Information given: Begin
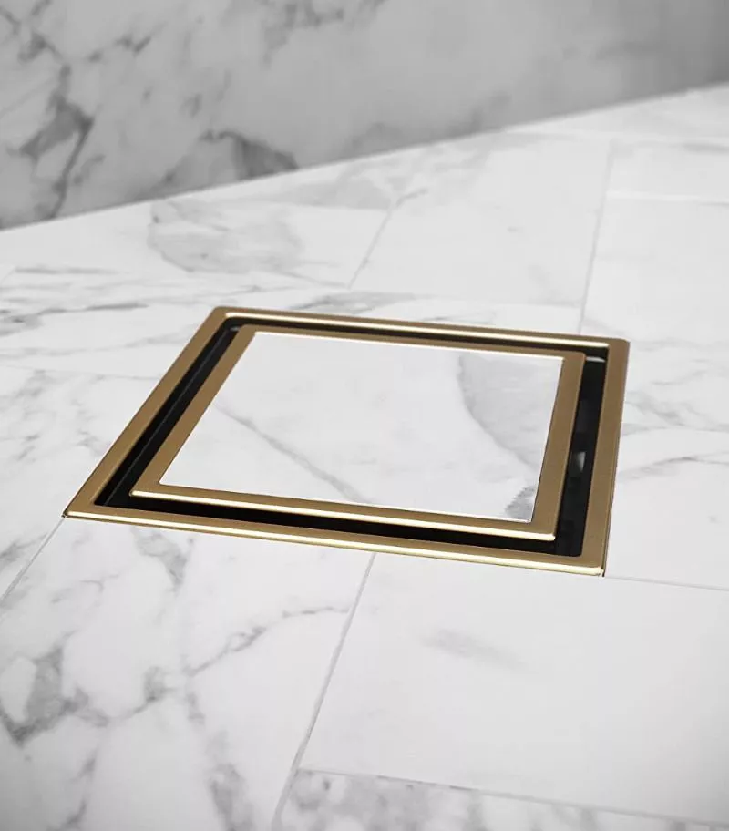 Our Tile Insert Floor Waste – Matt Gold will bring a hidden look for your bathroom to the next level, complete with solid brass construction.
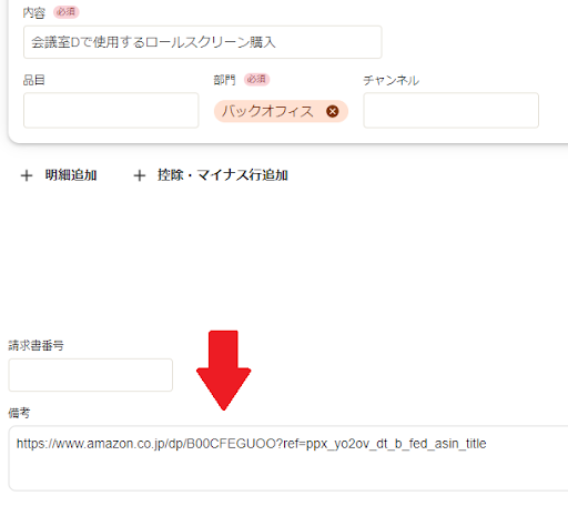 Amazon等、各サイトでの物品購入の際は備考欄に商品のURLを入力します。
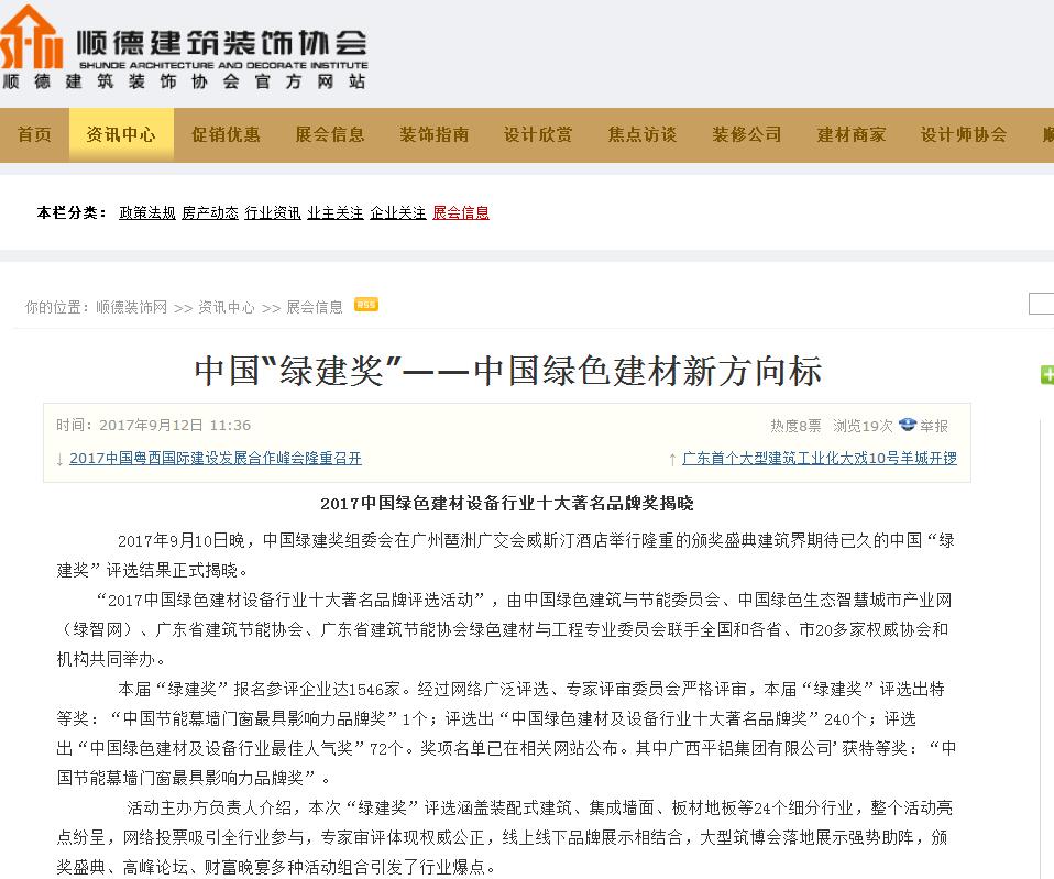 鋁博士網(wǎng)發(fā)布有關(guān)2017中國(guó)綠色建材設(shè)備行業(yè)十大著名品牌獎(jiǎng)的報(bào)道 (2017-10-31)
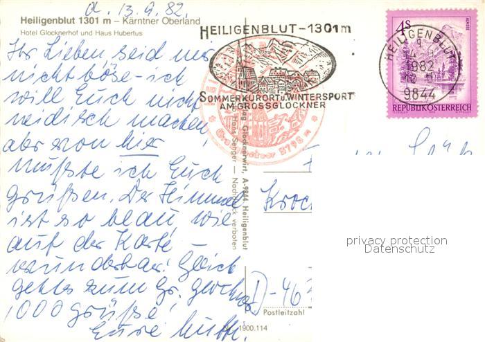 73362989 alte Postkarte Heiligenblut K?rnten Hotel Glocknerhof und Haus Hubertus postalisch gelaufen Erhaltung siehe scans [LiesaD40] KatCode:
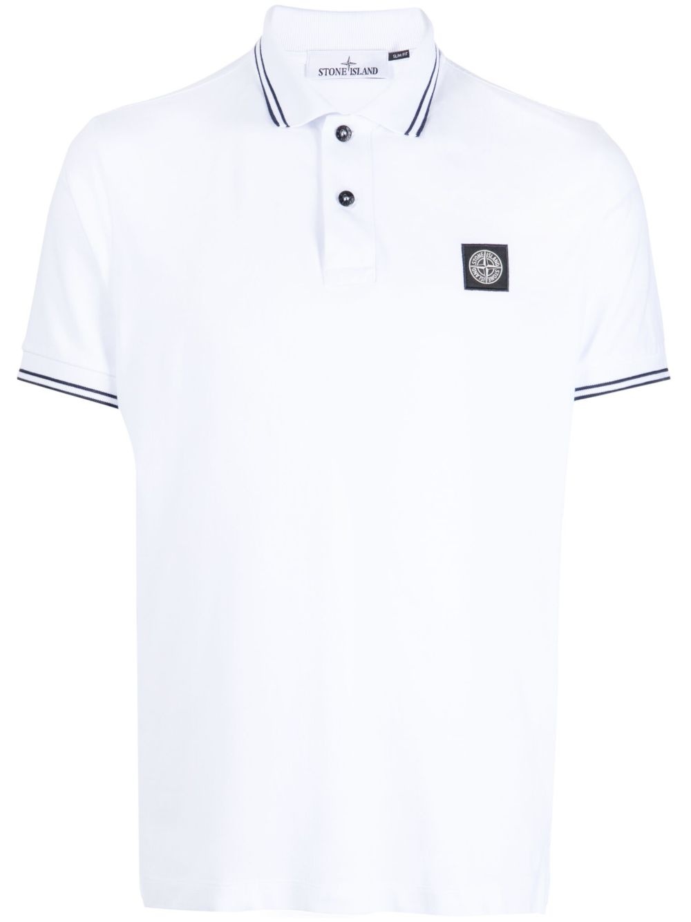 stripe-trim pique polo shirt Highlights - White/navy blue - Stretch-cotton - Pique weave - Signature compass motif - Contrasting stripe trim - Polo collar - Short front button fastening - Short sleeves - Short side slits - Straight hem Made in Italy Composition Body: Cotton 95%, Elastane 5% SIZE & FIT Model measurements Height 6 ft 2 in(1.87 m) Bust/Chest 34.25 in(87 cm) Hips 36.22 in(92 cm) Waist 29.52 in(75 cm) Measurement CHEST 46.06 in(117 cm) LENGTH 29.13 in(74 cm) SLEEVE LENGTH 18.11 in(46 cm) Shoulder Width 18.3 in(46.5 cm) FittingInformation Designed for a loose fit, this polo shirt offers additional room throughout Made from a midweight stretch fabric, this piece offers elasticity and flexibility when worn This piece fits true to size – take your usual size Washing instructions Machine Wash
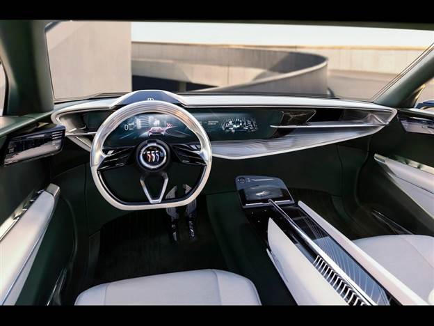 המוטיב של עידן הסילון משתקף במידה מסוימת גם בחלק הפנימי של ה-Wildcat EV. הדגש הוא בעיקר על קונסולה דיגיטלית מלאה; לוח המחוונים מורכב ממסך מעוקל גדול ובקונסולה המרכזית ישנו מסך מגע נוסף להפעלת פונקציות שונות. לא פחות מעניין הוא מיקום דוושת ההאצה וגם דוושת הבלמים מימין. עם זאת, נראה שזו יותר גימיק מאשר משהו שנראה בפועל על דגם ייצור. פרט נוסף שקשה להתעלם ממנו טמון בלוגו; ביואיק "מחלצת" את שלושת המגנים המסורתיים מהמעגל התוחם אותם, משל משחררת את התפישה המיושנת, ומכריזה שהיא רוצה לפרוץ החוצה מחדש.
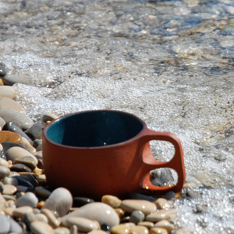 An unique coffee mug with a rounded shape of the iconic ithaka handle.
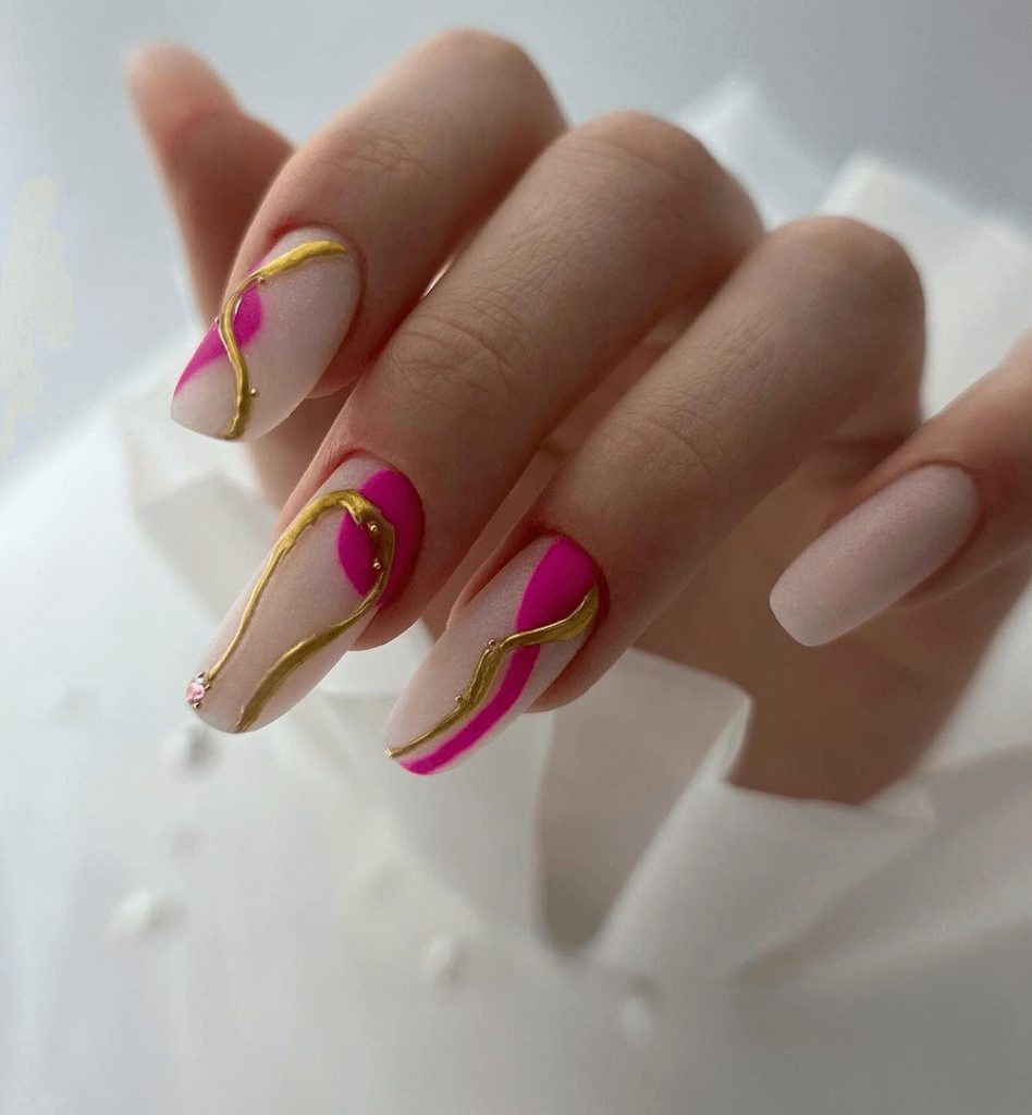 To recreate this look, start with a fuchsia acrylic base and add thin lines of gold striping tape for a sleek finish. The gold detailing elevates the look from playful to classy, making it versatile enough for both daytime fun and evening glamour. Pair these nails with gold jewelry to tie the whole look together.
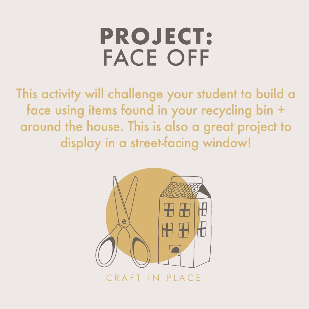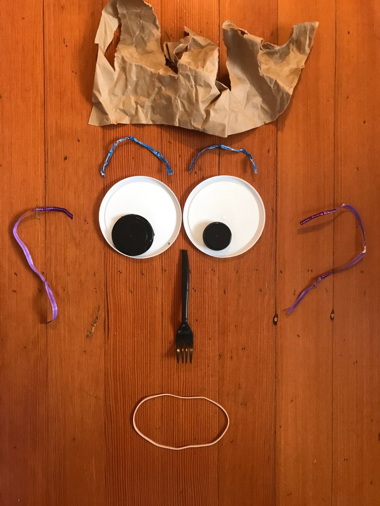 Using Everyday materials to talk about and process emotions can be a useful tool for both adults and young people. Face Off invites you to explore your feelings and emotions by building faces with the objects you have around the house. Photographs above (with the exception of one) were created and taken by Kayvon (5 years old) and Tobie ( 5.5 years old).
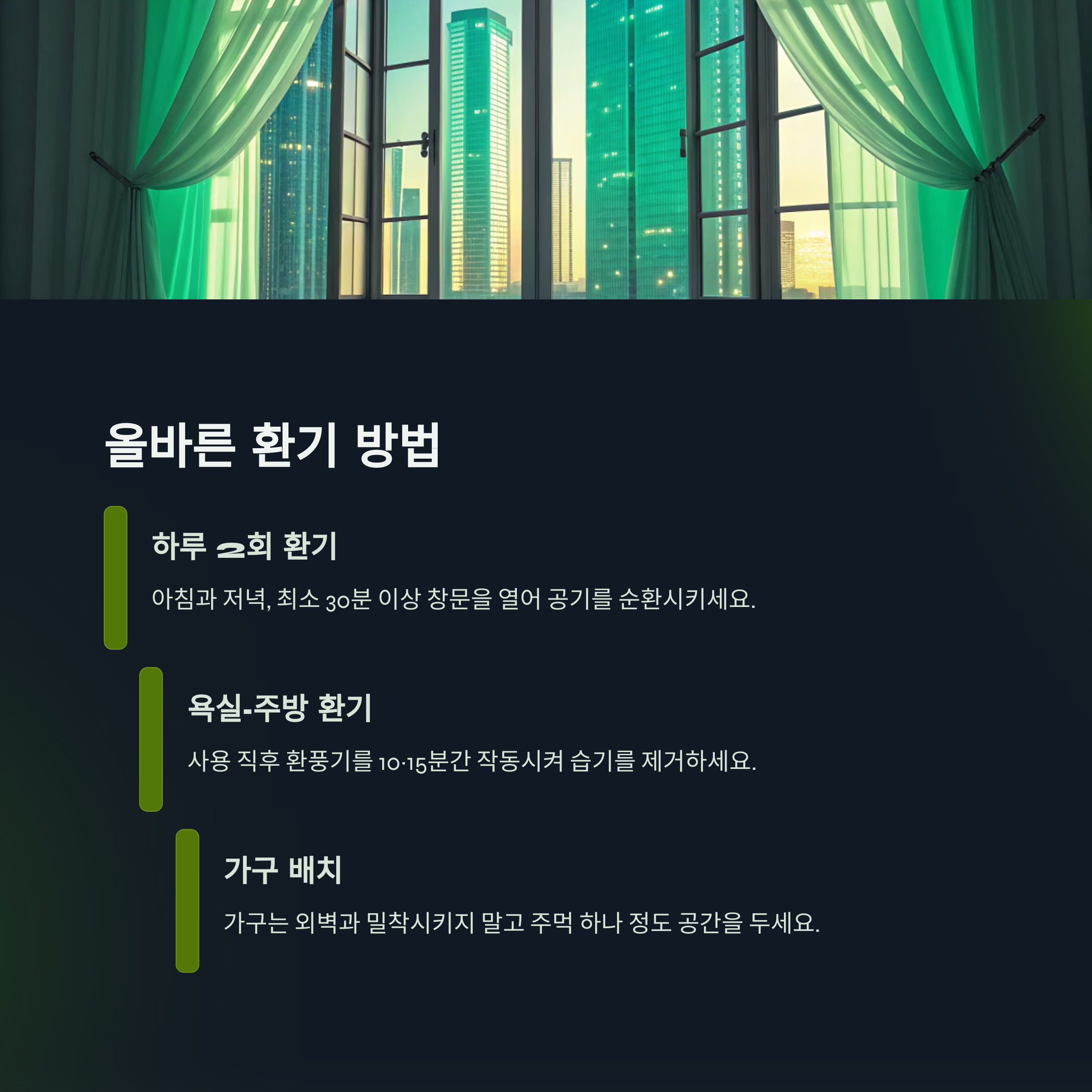 하루 2회, 30분 이상 환기가 곰팡이 예방의 기본입니다
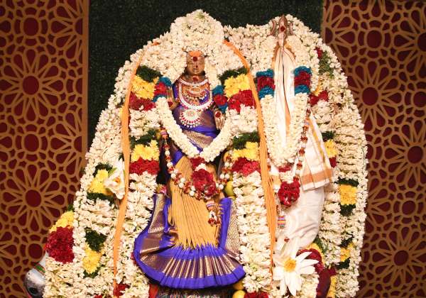 சித்ரா பவுர்ணமியை முன்னிட்டு உடுமலை பிரசன்ன விநாயகர் கோயிலில் நடந்த திருக்கல்யாண விழாவில் விசாலாட்சி அம்மன் திருமணகோலத்தில் அருள்பாலித்தார்.
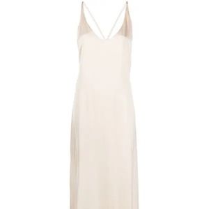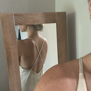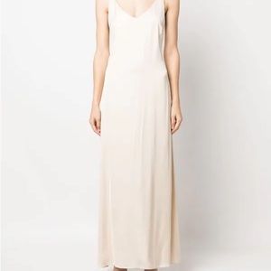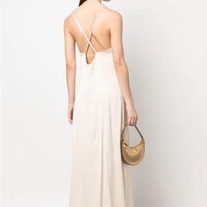 Beautiful champagne colored gown. Satin-feel, 100% viscose, embellishment strap detail, lined, low slit, hidden side zip side closure, freshly dry cleaned.
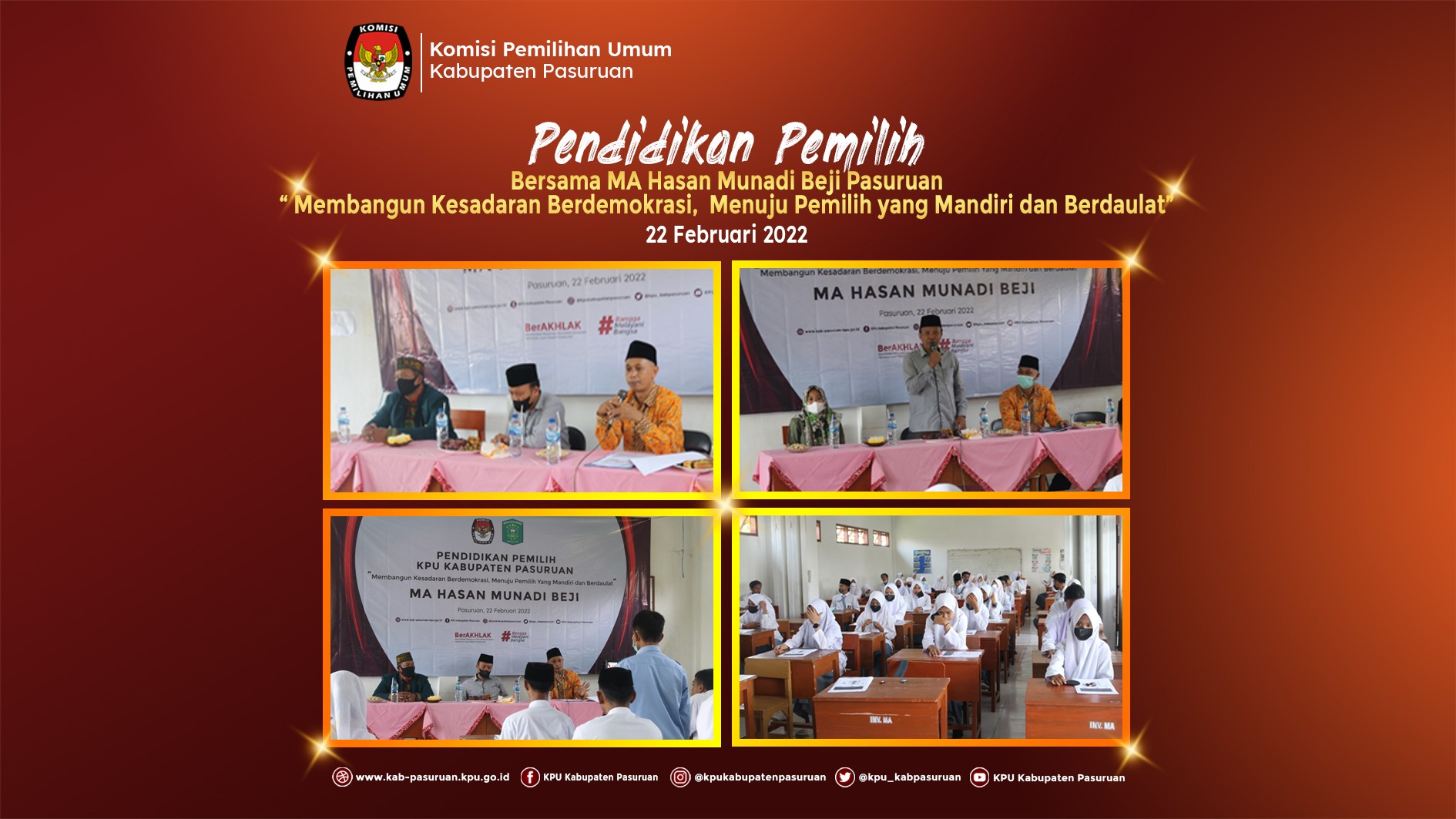 Pendidikan pemilih bersama MA Hasan Munadi ini merupakan salah satu upaya KPU Kabupaten Pasuruan dalam meningkatkan peran serta masyarakat dalam menyongsong Pemilu dan Pemilihan Serentak Tahun 2024, dengan memprioritaskan pemilih pemula.
Information given: End
Copy the data exactly. Any picture it contains is to be omitted.

 Our Tile Insert Floor Waste – Matt Gold will bring a hidden look for your bathroom to the next level, complete with solid brass construction.
 Amazon等、各サイトでの物品購入の際は備考欄に商品のURLを入力します。
 鋁博士網(wǎng)發(fā)布有關(guān)2017中國(guó)綠色建材設(shè)備行業(yè)十大著名品牌獎(jiǎng)的報(bào)道 (2017-10-31)
 73362989 alte Postkarte Heiligenblut K?rnten Hotel Glocknerhof und Haus Hubertus postalisch gelaufen Erhaltung siehe scans [LiesaD40] KatCode:
 stripe-trim pique polo shirt Highlights - White/navy blue - Stretch-cotton - Pique weave - Signature compass motif - Contrasting stripe trim - Polo collar - Short front button fastening - Short sleeves - Short side slits - Straight hem Made in Italy Composition Body: Cotton 95%, Elastane 5% SIZE & FIT Model measurements Height 6 ft 2 in(1.87 m) Bust/Chest 34.25 in(87 cm) Hips 36.22 in(92 cm) Waist 29.52 in(75 cm) Measurement CHEST 46.06 in(117 cm) LENGTH 29.13 in(74 cm) SLEEVE LENGTH 18.11 in(46 cm) Shoulder Width 18.3 in(46.5 cm) FittingInformation Designed for a loose fit, this polo shirt offers additional room throughout Made from a midweight stretch fabric, this piece offers elasticity and flexibility when worn This piece fits true to size – take your usual size Washing instructions Machine Wash
 המוטיב של עידן הסילון משתקף במידה מסוימת גם בחלק הפנימי של ה-Wildcat EV. הדגש הוא בעיקר על קונסולה דיגיטלית מלאה; לוח המחוונים מורכב ממסך מעוקל גדול ובקונסולה המרכזית ישנו מסך מגע נוסף להפעלת פונקציות שונות. לא פחות מעניין הוא מיקום דוושת ההאצה וגם דוושת הבלמים מימין. עם זאת, נראה שזו יותר גימיק מאשר משהו שנראה בפועל על דגם ייצור. פרט נוסף שקשה להתעלם ממנו טמון בלוגו; ביואיק "מחלצת" את שלושת המגנים המסורתיים מהמעגל התוחם אותם, משל משחררת את התפישה המיושנת, ומכריזה שהיא רוצה לפרוץ החוצה מחדש.
 An unique coffee mug with a rounded shape of the iconic ithaka handle.
 To recreate this look, start with a fuchsia acrylic base and add thin lines of gold striping tape for a sleek finish. The gold detailing elevates the look from playful to classy, making it versatile enough for both daytime fun and evening glamour. Pair these nails with gold jewelry to tie the whole look together.
 Using Everyday materials to talk about and process emotions can be a useful tool for both adults and young people. Face Off invites you to explore your feelings and emotions by building faces with the objects you have around the house. Photographs above (with the exception of one) were created and taken by Kayvon (5 years old) and Tobie ( 5.5 years old).
 하루 2회, 30분 이상 환기가 곰팡이 예방의 기본입니다
 சித்ரா பவுர்ணமியை முன்னிட்டு உடுமலை பிரசன்ன விநாயகர் கோயிலில் நடந்த திருக்கல்யாண விழாவில் விசாலாட்சி அம்மன் திருமணகோலத்தில் அருள்பாலித்தார்.
 Beautiful champagne colored gown. Satin-feel, 100% viscose, embellishment strap detail, lined, low slit, hidden side zip side closure, freshly dry cleaned.
 Pendidikan pemilih bersama MA Hasan Munadi ini merupakan salah satu upaya KPU Kabupaten Pasuruan dalam meningkatkan peran serta masyarakat dalam menyongsong Pemilu dan Pemilihan Serentak Tahun 2024, dengan memprioritaskan pemilih pemula.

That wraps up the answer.